Host-
tumor interaction is considered critical in
carcinogenesis,
tumor invasion, and
metastasis. To explore the reciprocal effects of host-
tumor interaction, we developed a system to assess the gene expression patterns of A2058 human
melanoma cells cocultured in
fibrillar collagen with HS-68 primary human fibroblasts. The gene expression pattern of the cocultured A2058 cells was only modestly affected, whereas the HS-68 fibroblast gene expression pattern was significantly altered.

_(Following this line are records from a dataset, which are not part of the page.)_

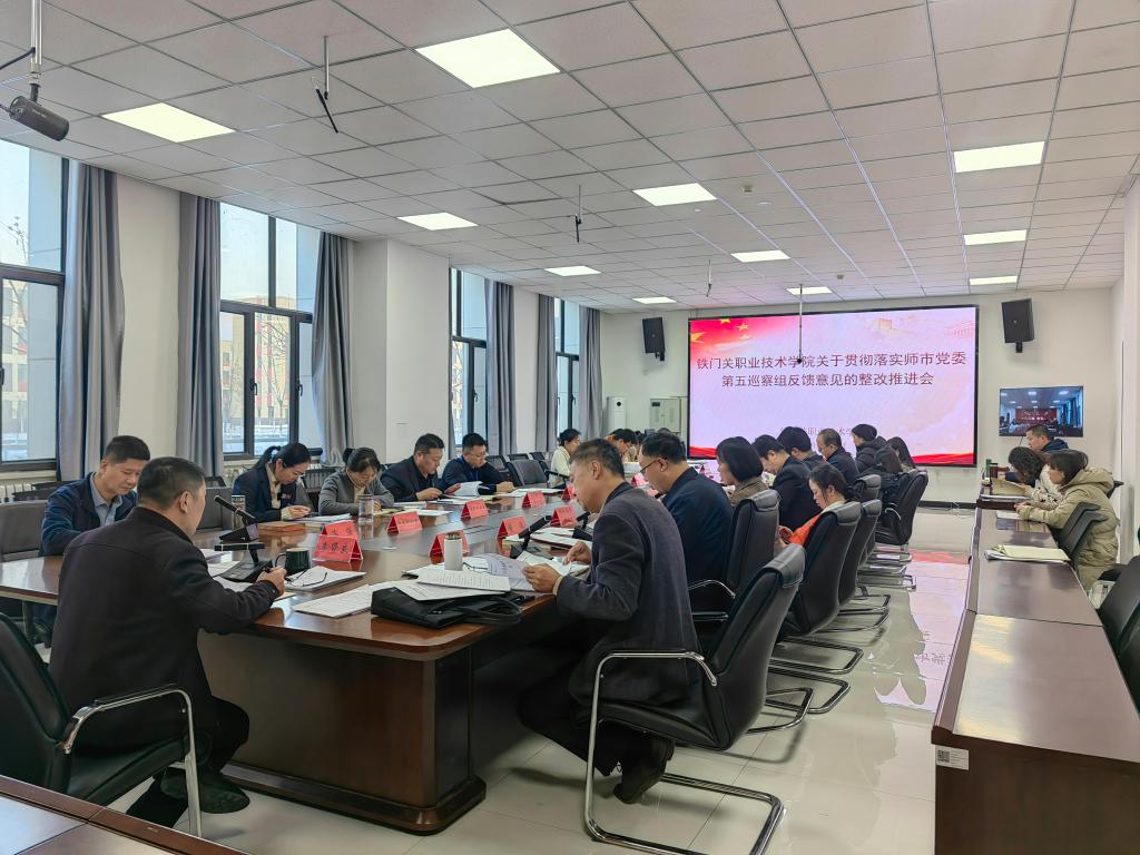 为切实贯彻落实师市党委第五轮巡察组巡察整改工作部署,推进巡察反馈问题彻底整改,12月11日下午,beat365官方网站召开师市党委第五轮巡察组反馈意见整改推进会。学院领导、整改工作组成员、相关部门主要负责人参加会议。
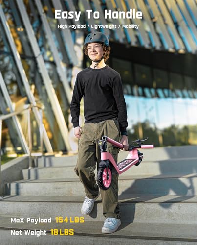 With 3 adjustable height settings, the T10 electric scooter fits kids between 4.3 to 5.6 feet tall, age 8 to 14, and weighing less than 154 pounds. Easily adjust the handlebar height without extra tools.
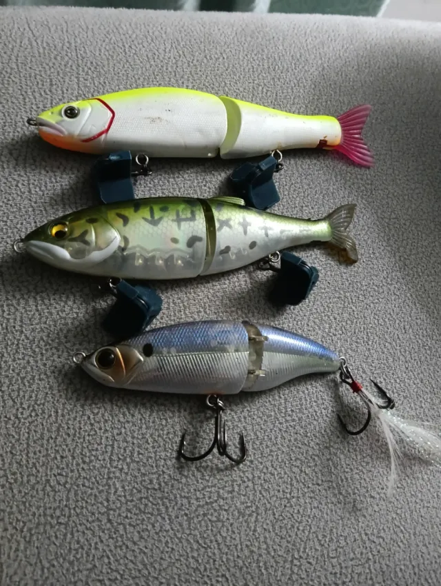 Conjunto de tres señuelos de pesca tipo swimbait.
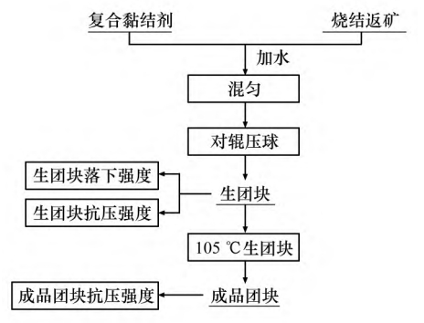 试验包括烧结返矿冷固结团块制备及强度检测和显微形貌分析。返矿冷压团块制备的主要工艺流程如图 1 所示,主要包括配料、混匀、加水搅拌、冷压成块和干燥等步骤。每 组 实 验 采 用LP—C30002型电子天平称取 2 kg 烧结返矿,另配加 4% ( 80 g) 复合黏结剂经 SYH—15 型混料机混合均匀,再加入 100 g( 控制水分 5% ) 水经 B10 型搅拌机搅拌 5 min,采用 TDXM—360 型对辊压球机在辊压 20 MPa、主轴转速 8 r/min 的条件下压制成尺寸为 18 mm × 22 mm × 32 mm 的椭球形团块。得到的生团块在 101—2AB 型电热鼓风干燥箱中于 105 ℃下干燥 12 h 至恒重,得到成品团块。
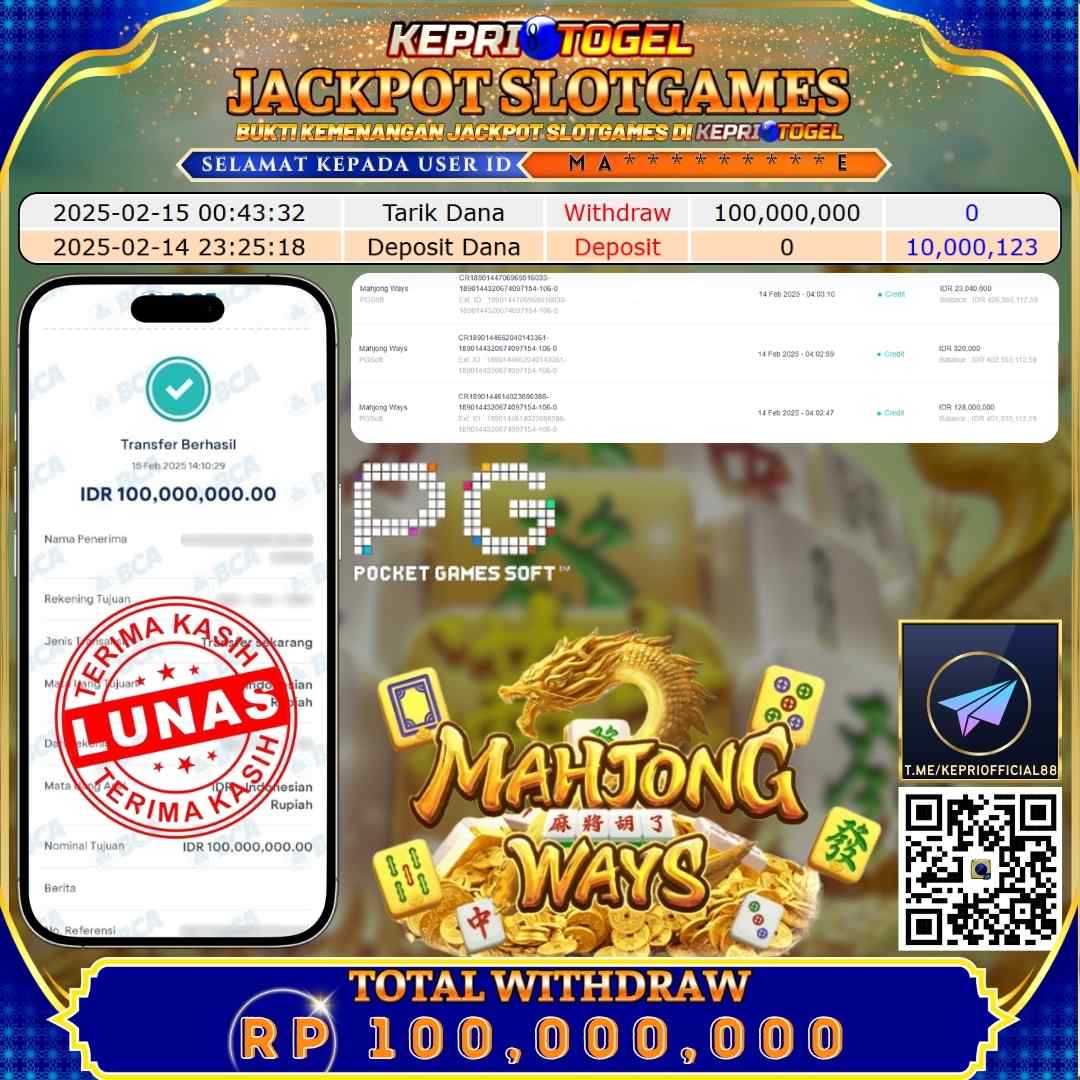 Kepritogel Jackpot Slot Mahjong Ways Rp100,000,000

Interleukin-11 and inhibitor of
DNA-binding domain-1 gene expression in the cocultured A2058 cells was down-regulated, indicative of a proinflammatory response and resistance to apoptosis, respectively. The overall pattern of up-regulated genes indicated triggering of the proinflammatory process. In addition, the
melanoma growth and migration stimulatory
chemokines CXCL1 and CXCL2 were significantly up-regulated in the cocultured fibroblasts. These results were corroborated by additional coculture experiments with the
melanoma cell lines WM-164, BLM, and SK-Mel-28 and immunohistochemistry on invasive human
melanoma sections. Taken together, these results indicate that
tumor cells cause a proinflammatory and
melanoma growth-promoting response in stromal fibroblasts. The role of
inflammation in
carcinogenesis,
tumor promotion, invasion, and
metastasis is viewed as being increasingly important and the results of these studies underscore this as well as identify certain key
proteins that are expressed as a result of the complex interactive processes in the host-tumor microenvironment.